Now I’ve spent a lot of my life looking for “things”. “Things” have included aircraft wrecks, lost mines, meteorites, caves, petroglyphs, ghost towns and pretty much any sort of strange shit in the middle of nowhere. These days, with the all-reaching Innerwebz, there are all sorts of websites devoted to looking for such things and many people out there looking. It’s getting damn crowded.
It wasn’t until I got into search and rescue that I realized no one was looking for friggin’ long lost PEOPLE! Of all the things to look for, wouldn’t someone’s missing family member be maybe the most socially useful? I mean, look at all the crazed people out there wandering around looking for silly geocaches, where people deliberately hide things and others then look for them. Sort of like digging a hole and filling it back up. Why not look for missing humans instead? Wouldn’t that be, oh I don’t know….more beneficial??
Uh, there a good reason, actually why this doesn’t happen. Specific information pertaining to individuals missing in the great outdoors is usually closely held by law enforcement authorities or search and rescue teams. They do not like to share. They feel they have good reasons for doing so. There’s concern, perhaps rightly, that “civilians” traipsing around the backcountry could end up getting themselves in trouble and needing rescue. There may also be a concern that it’s an open case, still possibly criminal, which could be mucked up by unauthorized people. Valid issues, I will concede…..but I would respect them more if the authorities were taking any action with what they hold. But they are not. No one is using the information in the files.
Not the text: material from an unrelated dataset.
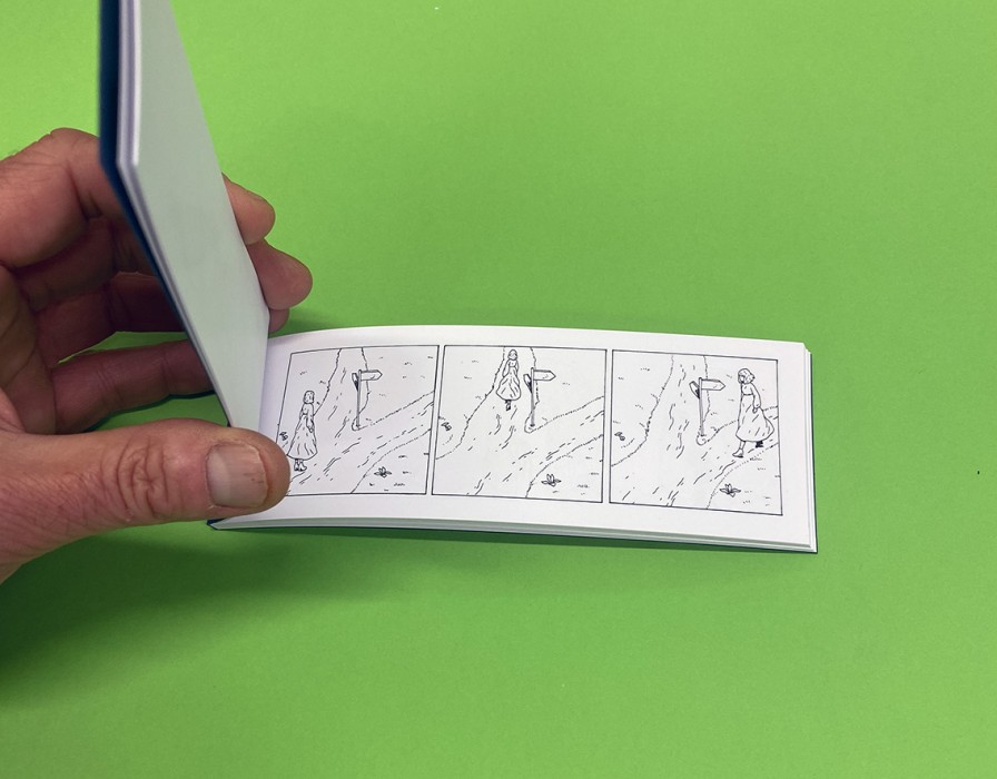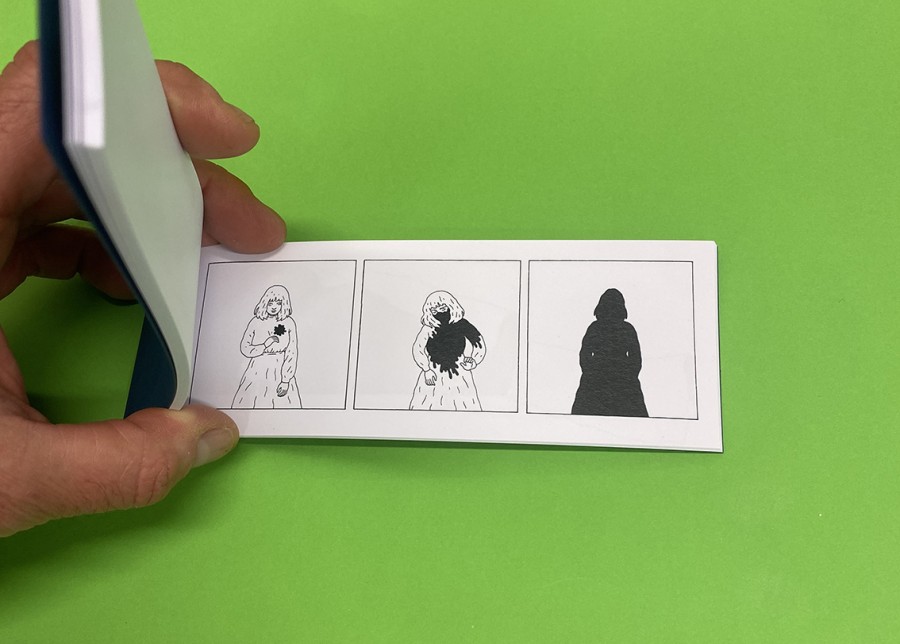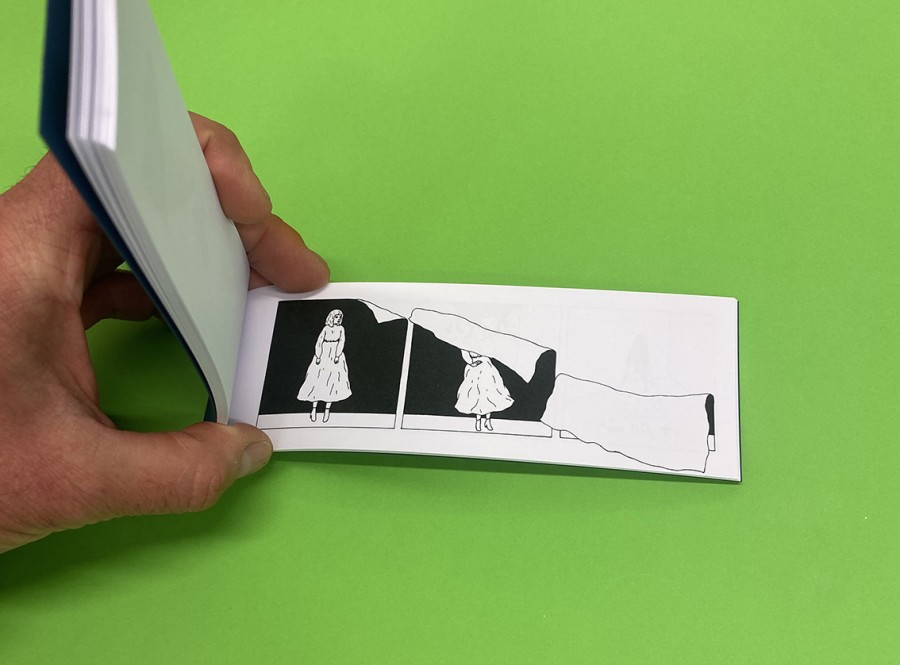 Histoires courtes qui ne mènent nulle part offers a series of twenty-six three-image comic strips. Without words, these short sequences plunge us into a universe where dreamlike imagery, strangeness and illogical worlds raise questions about the individual in a world that seems to lead us into the unreal.

Cold cases in general have a huge advantage in knowing the subject is deceased. Yeah, I know that sounds sort of creepy, but what I mean is that’s there’s not the urgency of knowing someone’s life is hanging in the balance. It allows one to really take time and think about what might have been going through the subject’s mind and where they might have headed based upon topography and environmental factors. In an active search the clock is ticking…..loudly. In a cold case search, there is no clock, there is no rush and there’s no illusion the subject could still be alive.
A cold case search also has another advantage over a fresh, active search. Because considerable ground area has been already covered by the original searchers (who may have been quite good), there’s solid information as to where the subject isn’t. While it sounds sort of obvious, during the original search the ground personnel didn’t have that info and ended up wasting their time searching where the subject wasn’t. Of course they didn’t know that until they completed searching the initial areas.
I consider cold case searching to be sort of a “phase 2” to the search for someone missing. You sit down, carefully review the facts in the case (some of which may only have come to light late in the search), look at the areas already searched, and then head out fresh.
As for me, I sort of fell into this. I like mysteries and challenges. I like doing things that few others are doing. And I like being occasionally useful to society. I was fortunate enough to sometimes gain access to files on various cases. In other instances I know some helpful folks and I’m also pretty good at research. Finally, I have the time, training and physical ability to deal with the challenges of backcountry searching. It’s a good excuse to go someplace interesting (although I suppose that could still be said for geocaching!)
The Bill Ewasko case I respond to on a more personal level. I was on the original mutual aid search. I was part of the overall search effort that eventually failed. I do not take kindly to failing at something I’m invested in. In my mind, that search isn’t done until Bill’s found.